Роковая тайна сестер Бронте — страница 134 из 139

— Этим грешным душам гораздо сложнее получить вожделенную Свободу, нежели душам праведным. Для того чтобы изможденный страшными адскими муками дух грешника обрел надлежащую силу, способную помочь ему избавиться от своих неотступных преследователей — Демонов и Эриний, погасить неумолимо пожирающее его пламя и выбраться из заповедного логова Преисподней, необходимо…

Леди Кэтрин на мгновение смолкла и, судорожно глотнув воздух, продолжала:

— Необходимо, чтобы какой-либо простой смертный или же дух праведника, а в исключительных случаях — и дух грешника, ранее получивший Свободу тем же путем, отчаянно возжелал пробудить к жизни его призрак. Лишь при этом непреложном условии чудо свершится, и осужденный на вечное позорное изгнание грешный дух обретет силу, скинет свои тяжелые оковы и воплотится в Вечность.

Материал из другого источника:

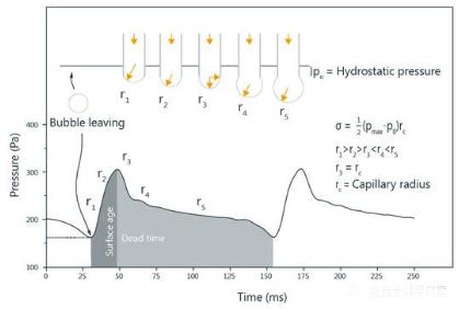 測量結(jié)果對應(yīng)的是一定表面年齡下的表面張力,表面年齡為從氣泡開始產(chǎn)生到最大壓力之間的時間。表面張力對表面年齡的關(guān)系可以通過不同的鼓泡速度測出。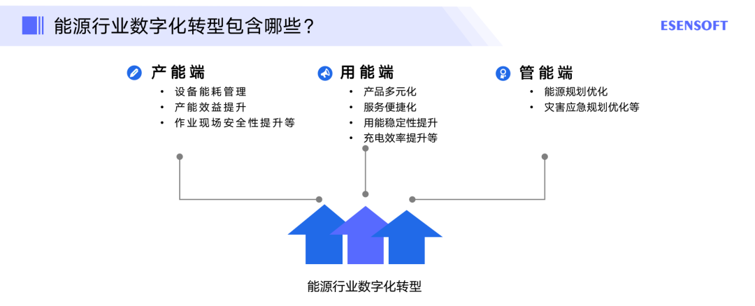 在产能端,通过数据实现设备能耗的管理,产能效益的提升;在用能端:通过数据实现产品多元化,用能稳定性提升;在管能端:通过数据实现能源规划的优化,和灾害应急的规划优化。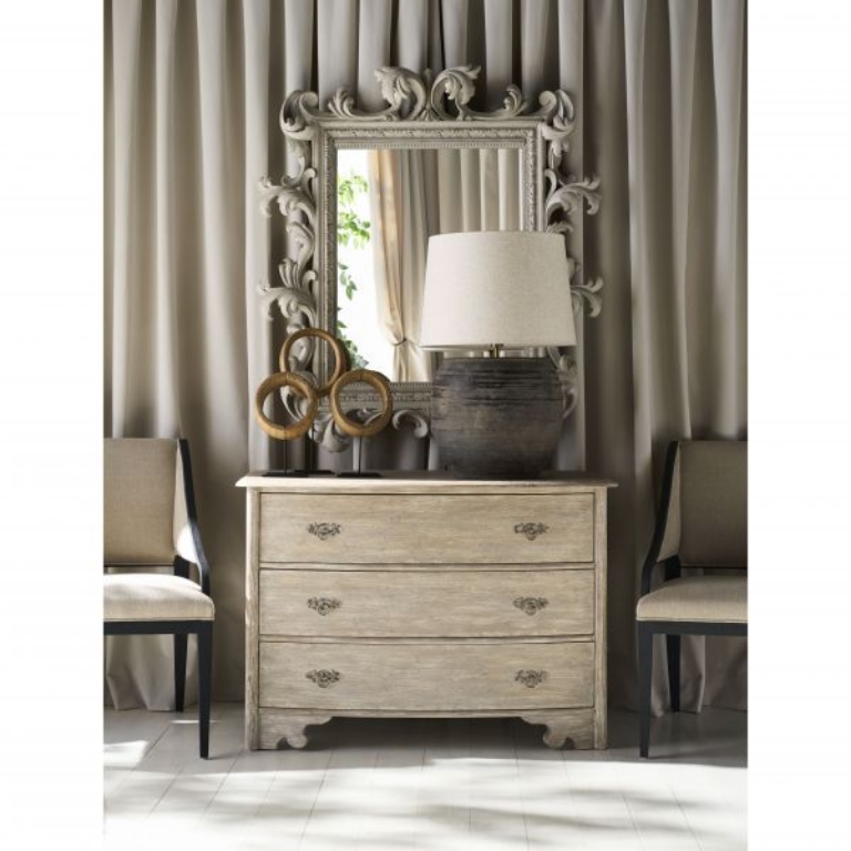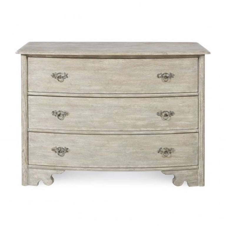 The 19th-century-inspired Swedish chest in a scraped cream finish embodies the Gustavian style, which is characterized by its restrained elegance and neoclassical influences, a reflection of King Gustav III's admiration for French aesthetics. This style often featured light, muted colors and a distressed finish, such as the scraped cream, to evoke a sense of age and timelessness, aligning with the Swedish preference for simplicity and lightness in interior decor. The chest's design and finish highlight the period's emphasis on fine craftsmanship and functional beauty, marking a significant period in Swedish furniture history that harmonized practicality with refined taste.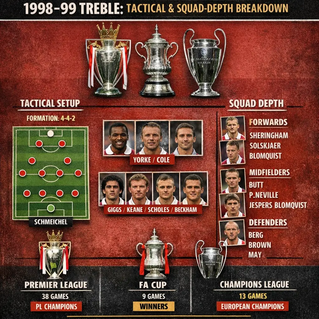 The 1998–99 treble-winning Manchester United squad relied on tactical flexibility and remarkable squad depth. Sir Alex Ferguson rotated his lineup, maximizing the strengths of players like Beckham, Giggs, Scholes, and Keane in midfield, while Yorke, Cole, Sheringham, and Solskjær provided attacking options. Defensively, the partnership of Stam and Johnsen, supported by Neville brothers and Irwin, ensured solidity. This balanced approach allowed United to compete successfully on all fronts, clinching the Premier League, FA Cup, and Champions League.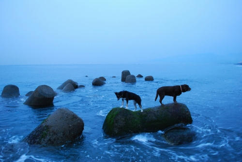 朝の海はかなり寒くてボクタチガ気ままに散策してるあいだ、手持ち無沙汰なぱぱはボクタチのパンをカラスさんにあげてた。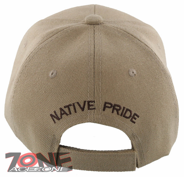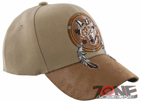 NEW! NATIVE PRIDE WOLF FEATHERS FAUX LEATHER BASEBALL CAP HAT TAN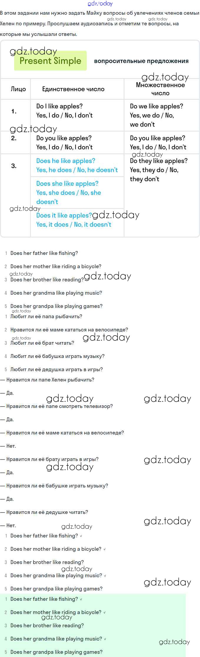 Решение. Lesson 49. Does Hellen like reading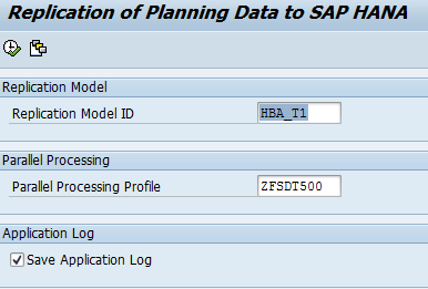 To use your replication model to replicate data from the APO liveCache to HANA, execute transaction code /SAPAPO/REPL. In the screen that appears (Figure 4) enter the name of your replication model in the Replication Model ID field and a suitable profile in the Parallel Processing Profile field. Select the Save Application log indicator and click the execute icon (Figure 4).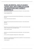 NURS 256 MENTAL HEALTH EXAM 2 LATEST 2024 -2025 COMPLETE EXAM 100 QUESTIONS AND CORRECT ANSWERS A+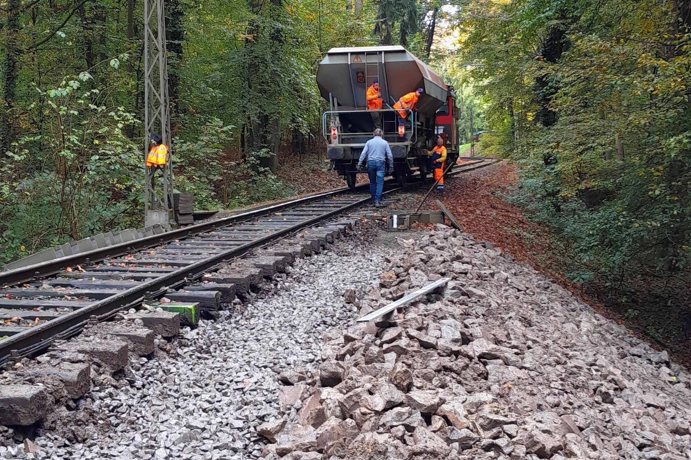 Nach einem heftigen Unwetter werden dringende Reparaturen an der Gleichenbergerbahn durchgeführt, um den Bahnverkehr wiederherzustellen.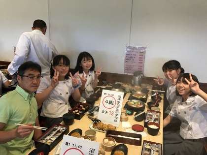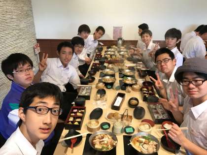 4組 レストラン嵐山にて昼食です。鳥すき鍋を食べています。

— И обо всем этом поведал вам призрак Эмили? — спросила я во власти совершеннейшего недоумения; я ощущала, что нахожусь на грани обморока.

Миледи слабо кивнула в ответ.

— В сущности, эти сведения и составляют всю ту бесценную информацию, какую мне поведал дух моей дорогой сестры за время наших таинственных незабвенных встреч, — пояснила моя знатная собеседница, — Правда, есть еще кое-что, — добавила она после напряженного минутного раздумья, — То, что не дает мне покоя с момента моей последней встречи с призраком Эмили.

В ту ночь привидение явилось часом позже обычного, что, учитывая свойственную ему четкую пунктуальность, крайне меня насторожило. Дух моей сестрицы остановился прямо напротив меня и долго напряженно вглядывался в мое лицо, сохраняя устрашающее мрачное безмолвие. А затем призрак изрек всего одну-единственную за всю ту ночь фразу. Фразу, мгновенно поглотившую мое сознание и безраздельно владеющую им до сих пор. «Близится странная перемена, — сообщил мне дух Эмили Джейн, — Я вижу, что на тебе уже лежит ее тень»[110]. Какая «странная перемена»? Что подразумевал призрак моей возлюбленной сестры, исторгая из своих уст эти пророческие слова?

— Вероятно, — проговорила я, стараясь унять колотившую меня дрожь, — в вашей жизни скоро должно произойти нечто знаменательное, судьбоносное. По всей видимости, призрак вашей сестры хотел предупредить вас об этом, чтобы вы были готовы к грядущему свершению и ждали тайного знака свыше.

— Тайного знака свыше? — с сомнением переспросила миледи, — Но почему вы полагаете, что я должна ждать какого-то знака?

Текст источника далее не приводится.